04 September, 2012

Some Experiences with (X)Ubuntu 12.04.01

I really should read more carefully and take advice from those more experienced than I.  There are indeed all sorts of warnings when upgrading a Lucid Lynx to a Precise Pangolin about backing up and so on.  Well...as the system in question isn't used a whole lot (it's unstable because the processor context gets corrupt because of a quirky HyperTransport link), I thought, what the heck, just forge ahead and do it; if it breaks, it's not like you lost a whole lot.  Well, actually, I keep forgetting how long tweaking takes, especially tweaking the boot process so that WoL works and the console framebuffers are maximally sized for the video controller and font, and are initialized to green on black in the initrd really early in the boot process.  The hack that nudged me to write this post will come...please read on to the end, where I tell you about my shazam moments.

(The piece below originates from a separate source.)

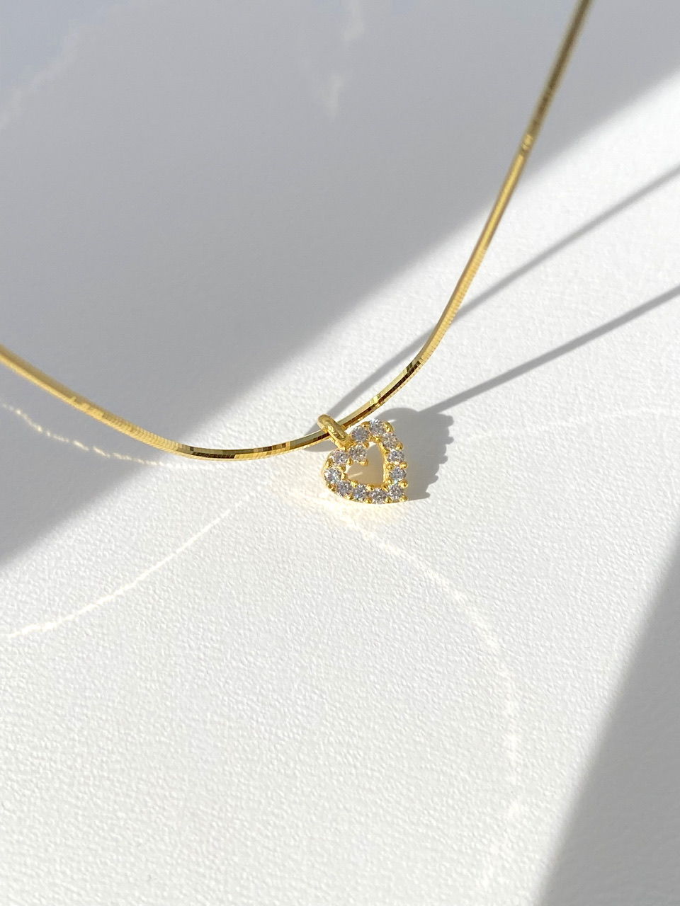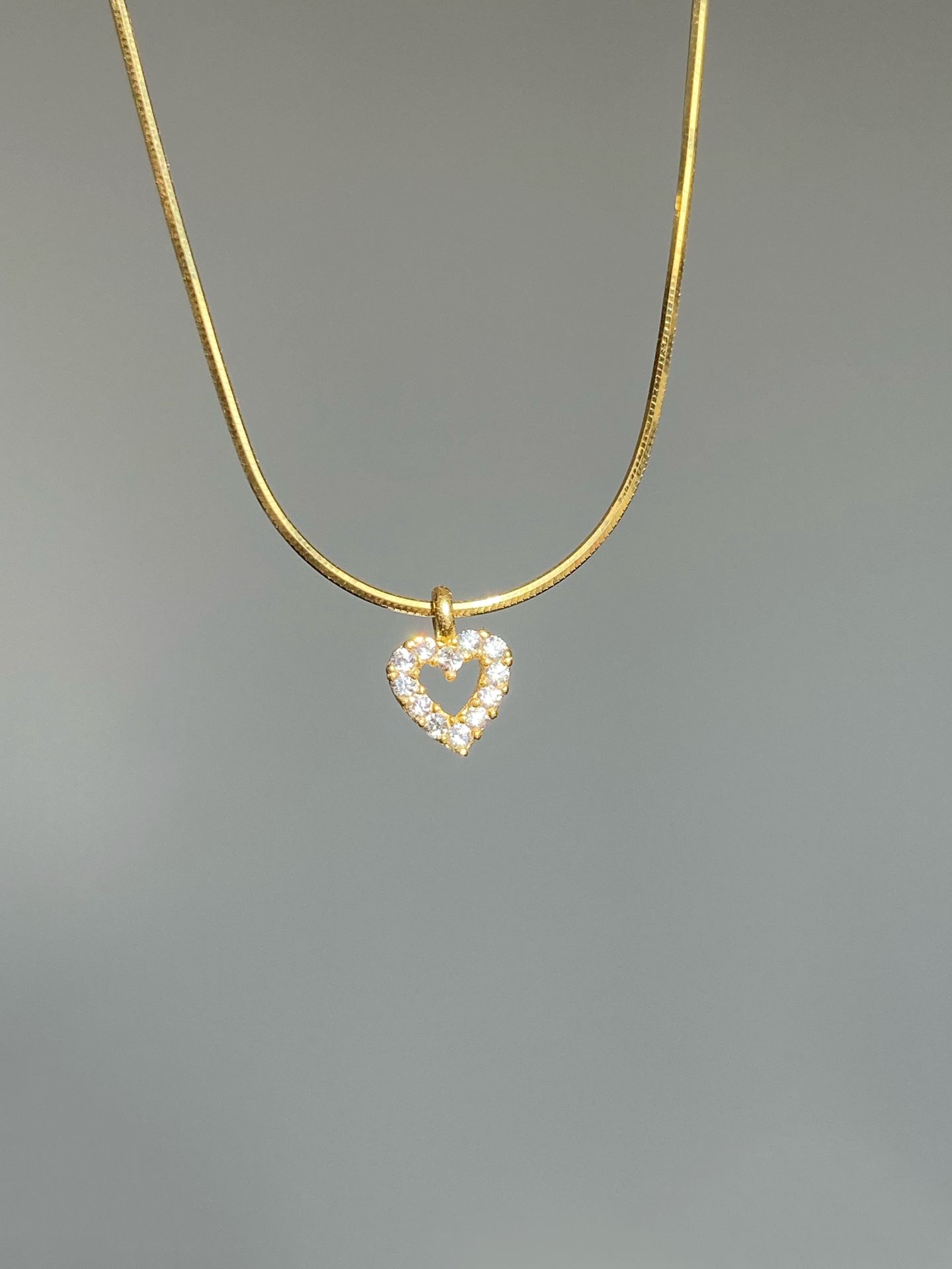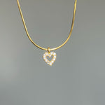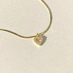 925 Silver | Snake Chain Mini Heart Necklace with Stones

Nonetheless, I forged ahead, and did an in-place upgrade.  Yeah, it looked a little scarey in that the "before blurb" said several of the packages I had installed wouldn't carry over, "but the community might support them." "Uhhhhhhhh....OK,"  I thought a little nervously.  I knew it was trouble of nearly the greatest sort when in several places it threw errors.

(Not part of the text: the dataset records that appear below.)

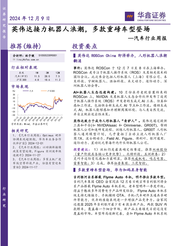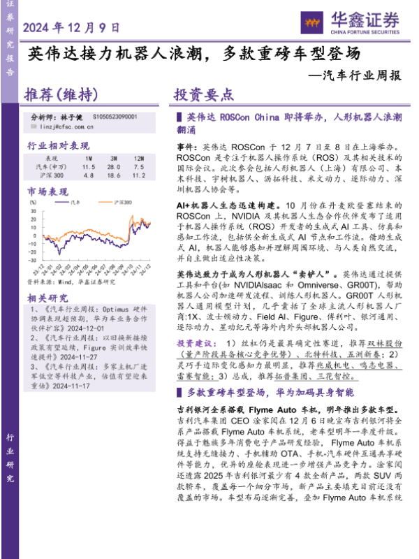 【华鑫证券】【20241209】20241209-华鑫证券-汽车行业周报:英伟达接力机器人浪潮,多款重磅车型登场-18页
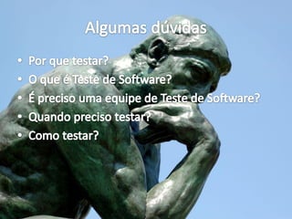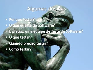 Este documento apresenta uma introdução ao teste de software, abordando os principais conceitos e atividades envolvidas no processo de teste de software, como planejamento, execução e avaliação dos resultados.
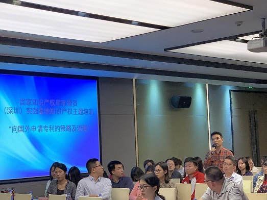 最后,来自国家知识产权局专利局的专利审查专家吴斐老师为参会者做了以“向国外申请专利的策略及流程”为主题的培训。吴斐老师为企业介绍了综合运用巴黎公约、专利合作条约(PCT)、海牙协定等多种途径进行海外专利申请的方法和策略,并配套相关案例讲解,让参会企业受益匪浅。在交流互动环节中,参会企业反响热烈,互动积极。
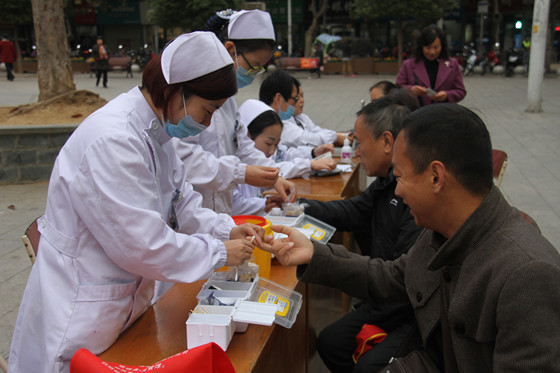 活动现场,内分泌科的十余名医护人员忙着为患者和市民量血压、测血糖、答疑,并耐心地向他们讲解什么是糖尿病、糖尿病的高危发病人群、糖尿病的危害及防治等知识。据不完全统计,当天共有180多名患者和市民参加了活动,免费诊疗和咨询近150人次,测血糖、血压300余人次,发放健康宣教资料300余份。此次活动的开展对提高市民对糖尿病的认识和重视,降低糖尿病发生和危害将起到积极的作用,受到当地群众的一致好评。(瞿夏璐 吴鸣)
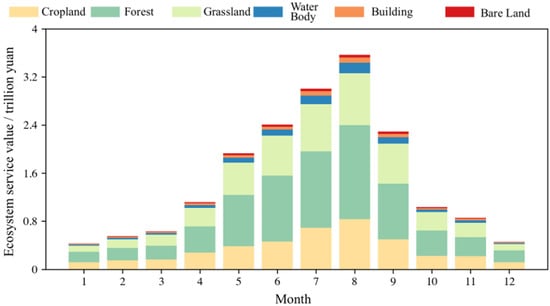 ESVs were highest in August and decreased towards winter, except for building and bare land, which were temporally stable. The peak in summer coincides with the rainy season and peak plant growth (Figure 11). Water bodies reached maximum values of CNY 0.14, 0.18, and 0.11 trillion in July, August, and September, reflecting the influence of precipitation on its ESV. The seasonal distribution of ESV peaked in August and decreased towards winter, reflecting the influence of monsoonal climate and ecosystem growth cycles in the study area. In winter, low temperatures, scarce rainfall, and vegetation dormancy or mortality result in minimum NDVI and ESV. From winter to summer, rising temperatures and precipitation increase NDVI accumulation rates, enhancing ecological functions and ESV. From summer to winter, declining temperatures slow or halt biological growth, reducing ESV. These seasonal impacts are most pronounced for forests and grasslands, followed by croplands. The ESV of water bodies mainly depends on intra-annual rainfall distribution, peaking in July-August with high precipitation, indicating a higher per-unit-area ESV under favorable water and temperature conditions for vegetation growth, and vice versa.

In a recent phone conversation with one of my friends, I heard the unfortunate news that yes, Precise does quite well, even upgrading LTS to LTS...if you have a very generic, default installation.  Vary from this in some cases just a little, and you're in for a world of hurt.  My usual setup is far from typical.  For starters, it's GPT, not the "traditional" MS-DOG (sic) partition table scheme.  I always want my bootloader and boot files on a simple, uncomplicated partition, so those are the first two (as GPT and GrUB play together to put GrUB linearly in its own, "special purpose" partition; "bios_grub" as parted puts it).  Similarly, the root filesystem gets a parition all its own, to make recovery hopefully as uncomplicated as possible, and a fsck of same fairly speedy.  Similarly, the swap and /var/log paritions are plain partitions to make things as efficient and straightforward as possible.  Everything else gets partitioned as LVM PE(s), lumped into one VG, an divvied out to /opt, /usr, /var, /var/tmp, and /home LVs with varying sizes as I think appropriate.   Putting them into LVs makes it easy to resize filesystems and reapportion from one to the other if I guessed wrong while setting up.

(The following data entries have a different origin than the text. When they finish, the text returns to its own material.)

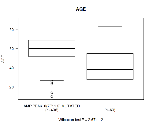 Table S2. Gene #8: 'amp_7p11.2' versus Clinical Feature #2: 'AGE'
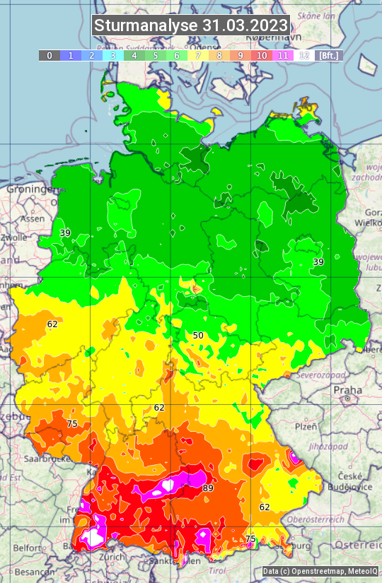 Die Sturmanalyse vom 31.03.2023 zeigt die maximalen Windböen des Tages. Die Angabe erfolgt als Windstärke in Beaufort.
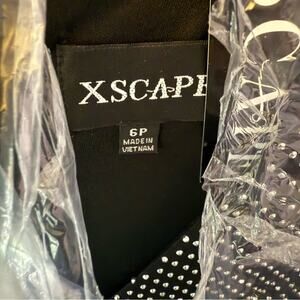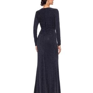 XSCAPE Women's Rhinestone-Embellished Ruched Gown Black Long Sleeve Petite

As you may have guessed, an in-place upgrade went rather poorly.  After rebooting the system, it would sit there like a lump waiting for filesystems to become available, and after a while it told me root wasn't there and gave me options to skip trying or to fix things manually (followed by a reboot).   But the strange thing is, / was mounted from /dev/disk/by-uuid/something, as the kernel command line has root=UUID=something.  OK, next go-round (because a reboot was I guess mandatory at that point, no option to just continue) I just said skip, and it complained about /tmp being absent.  Again, I went into manual fix mode, and / was fine, so I fsck'ed it and remounted it rw.  To no avail; didn't matter what was tried to coax it into thinking filesystems were OK, it was convinced my system was all in shambles.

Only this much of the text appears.